List<String> list = new ArrayList<String>();
list.add("Item 1");
list.add("Item 2");
String joined = TextUtils.join(", ", list);

Obviously not much use outside of Android, but figured I'd add it to this thread...

Answer 3

Java 8 introduces a String.join(separator, list) method; see Vitalii Federenko's answer.

Before Java 8, using a loop to iterate over the ArrayList was the only option:

DO NOT use this code, continue reading to the bottom of this answer to see why it is not desirable, and which code should be used instead:

ArrayList<String> list = new ArrayList<String>();
list.add("one");
list.add("two");
list.add("three");

String listString = "";

for (String s : list)
{
    listString += s + "\t";
}

System.out.println(listString);

In fact, a string concatenation is going to be just fine, as the javac compiler will optimize the string concatenation as a series of append operations on a StringBuilder anyway.
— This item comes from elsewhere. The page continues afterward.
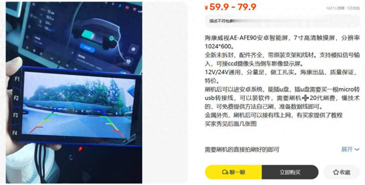 二手鱼里刷到个格外物,海康威视的安卓智能屏,卖家标价59.9元起。你没看错,一包烟钱就能搞到一块海康的7寸高清触摸屏,况兼它还能刷机,刷机后造成安卓系统,还能插U盘。
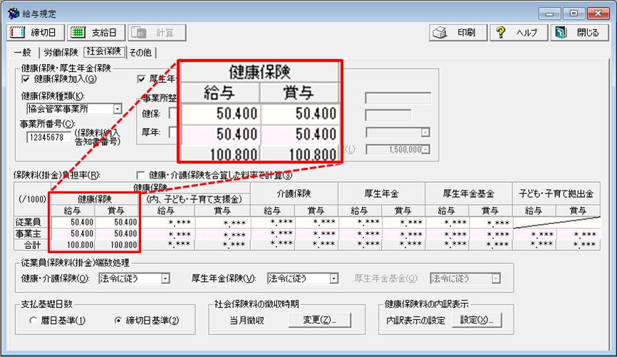 [給与規定]で保険料率の変更を行っても保険料が変わらない場合

Here's a part of the disassembly of the bytecode from the for loop from the above program:

   61:  new #13; //class java/lang/StringBuilder
   64:  dup
   65:  invokespecial   #14; //Method java/lang/StringBuilder."<init>":()V
   68:  aload_2
   69:  invokevirtual   #15; //Method java/lang/StringBuilder.append:(Ljava/lang/String;)Ljava/lang/StringBuilder;
   72:  aload   4
   74:  invokevirtual   #15; //Method java/lang/StringBuilder.append:(Ljava/lang/String;)Ljava/lang/StringBuilder;
   77:  ldc #16; //String \t
   79:  invokevirtual   #15; //Method java/lang/StringBuilder.append:(Ljava/lang/String;)Ljava/lang/StringBuilder;
   82:  invokevirtual   #17; //Method java/lang/StringBuilder.toString:()Ljava/lang/String;

As can be seen, the compiler optimizes that loop by using a StringBuilder, so performance shouldn't be a big concern.

(OK, on second glance, the StringBuilder is being instantiated on each iteration of the loop, so it may not be the most efficient bytecode. Instantiating and using an explicit StringBuilder would probably yield better performance.)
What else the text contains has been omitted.